Марина прильнула к нему, твердо сжала руку и прошептала:
— Но я лучше…
После того дня события как бы остановились на месте. Одно дело подгоняло другое, болели зубы, в ресторанах было жарко и душно, и только под осень, когда Марина уехала в Сочи на свой привычный «бархатный» сезон, в дверь постучалась Бируте. Она выглядела уставшей, бледной, платок был сдвинут на плечи. Еще не сняв пальто, она стянула платок и стала вытирать им лицо.
— Стасис при смерти, — сразу поделилась своим горем.
— А армия? — как-то глупо спросил Моцкус.
— Не взяли. Чаю с какой-то чертовщиной накурился, на легких странные волдыри выскочили, словом, испортил себя. Нужны дорогие лекарства, а я нигде не могу достать их.
— Давай сюда рецепты. — Он поспешно оделся, избегая взгляда гостьи, и уехал.

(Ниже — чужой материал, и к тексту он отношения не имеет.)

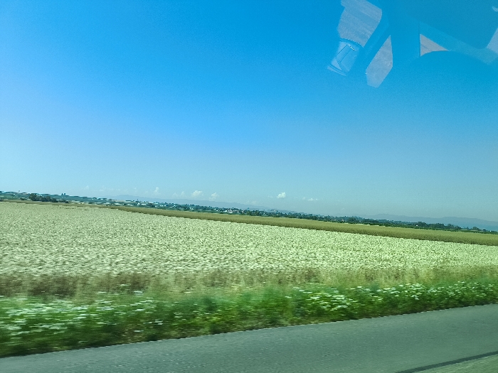 A bright, clear blue sky dominates the view above a rural landscape. A large field, possibly cotton, stretches across the middle ground. A line of trees or dense vegetation separates the field from what appears to be a distant town or settlement. The scene is likely taken from a moving vehicle, indicated by the blurred foreground and reflection in the window.

Как нарочно, ему чертовски везло. Достал, как говорят, все и еще больше. Вернулся, словно добрый и богатый дядюшка, с итальянским вином, с тортом и извинился:
— Марины нет, а ты знаешь, какой я хозяин… — И тут же в изумлении оглянулся: кухня сверкала, посуда была вымыта, пыль протерта. — Ну, зачем ты так? — растерялся, как ребенок.
— Ждать всегда трудно, — ответила она. — Кроме того, я здесь два года прожила и все делала за вашу жену и тещу, поэтому и не выдержала.
— Спасибо, милая, спасибо. — Он поцеловал ее влажную, пахнущую мылом руку и стал доставать из портфеля лекарства.
Бируте смотрела, как он торопится, и радовалась, а потом равнодушно сказала:
— Если честно, я даже ехать не хотела, но Стасис очень просил и говорил, что вы — последняя надежда.
— И хорошо, милая, очень хорошо сделала, что приехала. А к кому тебе обращаться, как не к друзьям? Ты молодец… А он?.. Как он?
— Он — подлец, задумает что-нибудь, начнет, но никогда не доведет до конца.
У Моцкуса по спине пробежали мурашки. Он с минуту молчал, а потом с трудом спросил:
— Как ты можешь?
— А как он мог?.. Теперь и ты мучайся, гляди на его глупости, наблюдай, как он кривится от болей, как цепляется, словно навозный жук, за соломинку, и попрекай себя: это из-за меня, это я виновата… Это из-за меня, это из-за тебя… Что плохого я ему сделала? За что он так наказал меня?
И снова она была права. Даже со зверем нельзя так поступать. Викторас и на охоте никому не позволял мучиться, тут же добивал подстреленное животное. А Стасис не только сам будет мучиться, но и других мучить…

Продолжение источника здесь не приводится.